Average daily operating expenses during the nine month periods ended September 30, 2016 and 2015 were $4,384 per vessel per day and $4,194 per vessel per day respectively, corresponding to an increase of 5%. However, the average number of vessels of the fleet decreased to 5.3, during the nine months of 2016, from 6.7 for the respective period in 2016 and the total expense decreased.

Depreciation
Depreciation charge during the nine month period ended September 30, 2016 decreased by $0.8 million and reached $3.8 million compared to $4.6 million recognized during the same period in 2015. The decrease is attributed to the decrease of the average number of vessels of the fleet from 6.7, during the nine months of 2015, to 5.3 for the respective period in 2016 due to the sale of m/v Tiara Globe in July 2015 and the subsidiary ship-owning company of m/v Energy Globe in March 2016.

Impairment loss
On May 11, 2015 we entered into a memorandum of agreement for the sale of vessel m/v Tiara Globe for a sale price of $5.5 million. On that date, the vessel was classified as held for sale, stopped being depreciated and subsequently measured at its fair value less cost to sell.
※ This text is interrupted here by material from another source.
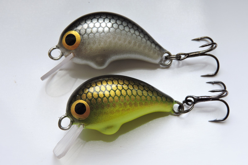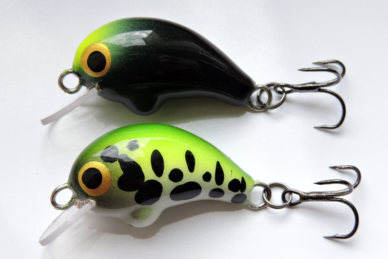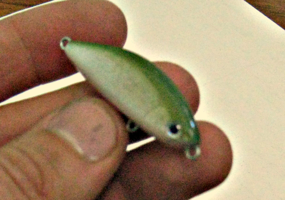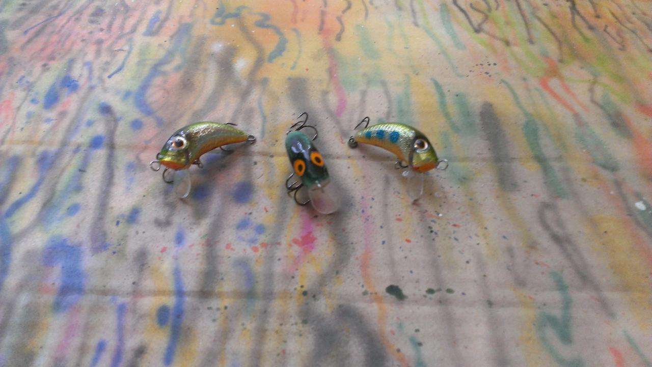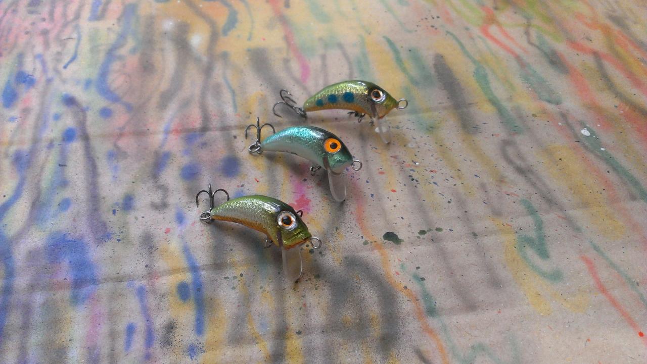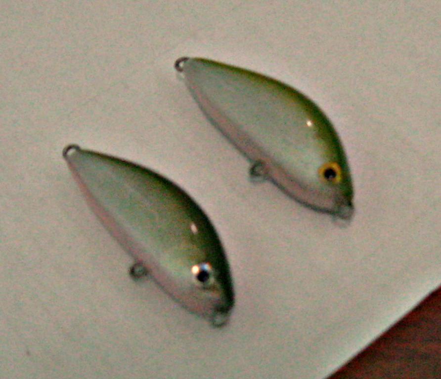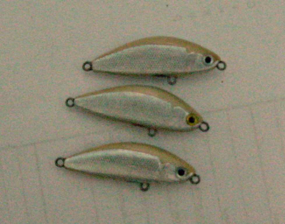 Бальса , 38 мм , тонущие , тихие . Оранжево-глазый уже успел десяток голавлей соблазнить . Вес без крючков : зелёная спинка с синими точками -3,3 г , оранжево-глазый - 3,5 г , зелёная спинка без точек - 2,9 г.

As a result, we recognized an impairment charge of $7.7 million corresponding to the difference of the vessel’s carrying value at that time and its fair value less cost to sale.
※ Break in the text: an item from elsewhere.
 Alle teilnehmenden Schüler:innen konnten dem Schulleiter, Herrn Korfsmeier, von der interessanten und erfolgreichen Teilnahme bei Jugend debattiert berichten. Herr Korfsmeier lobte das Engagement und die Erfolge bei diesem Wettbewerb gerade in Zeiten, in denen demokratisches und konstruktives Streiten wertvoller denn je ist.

Loss from sale of subsidiary
In March 2016, the Company entered into an agreement with Commerzbank to sell the shares of Kelty Marine Ltd., to an unaffiliated third party and apply the total net proceeds from the sale towards the respective loan facility. Based on certain financial conditions agreed beforehand with the Bank this resulted in the remaining principal amount of the loan to be written off. The financial effect from the sale of Kelty Marine Ltd. resulted to a loss of $0.15 million. Globus Shipmanagement Corp., the Company’s ship management subsidiary continued to act as Kelty Marine Ltd.’s ship manager at $900 per day until June 27, 2016 when it ceased being its manager.
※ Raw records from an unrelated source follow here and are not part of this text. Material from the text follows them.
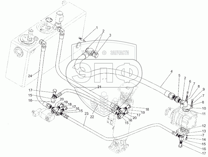 Каталог запасных частей к технике: МЗКТ-7401. Установка трубопроводов
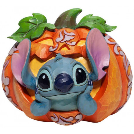 En esta ocasión, tenemos una preciosidad de figura de uno de los personajes más divertidos y adorables de Disney, Stitch, metido dentro de una calabaza. Tiene todos los detallitos característicos de Stitch reproducidos minuciosamente, además de los propios de Jim Shore. Mide aproximadamente 13,5 x 16 x 10 cm.
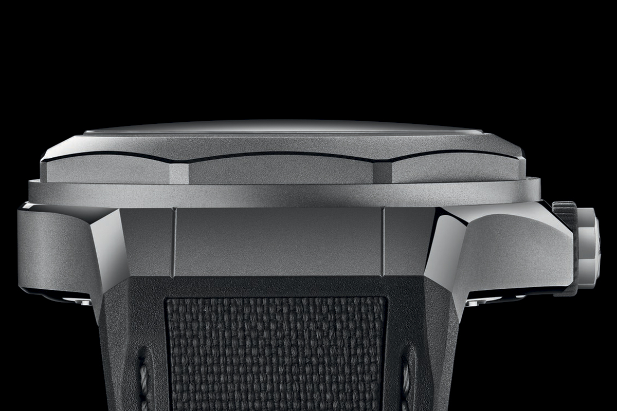 La parte risolta brillantemente dal disegnatore è la lunetta. Gli spigoli arrotondati sembrano riprendere il design di un precedente modello con cassa in fibra di carbonio. Ma il taglio degli spigoli è ancora più accentuato e diminuisce, modernizzandolo, l’effetto “bullone ottagonale” che pure era stato alla base del successo del Laureato, nel 1975. Ottagonale anche la corona, la cui gestione è però facilitata da un anello in materiale sintetico.

Interest expense and finance costs
Interest expense and finance costs reached $2.1 million during both the nine month period ended September 30, 2016 and 2015. The weighted average interest rate on our debt outstanding during the nine month period ended September 30, 2015 reached 3.68% compared to 2.99% during the same period last year. Our weighted average debt outstanding during the nine month period in 2016 was $68.8 million compared to $81.1 million during the same period last year.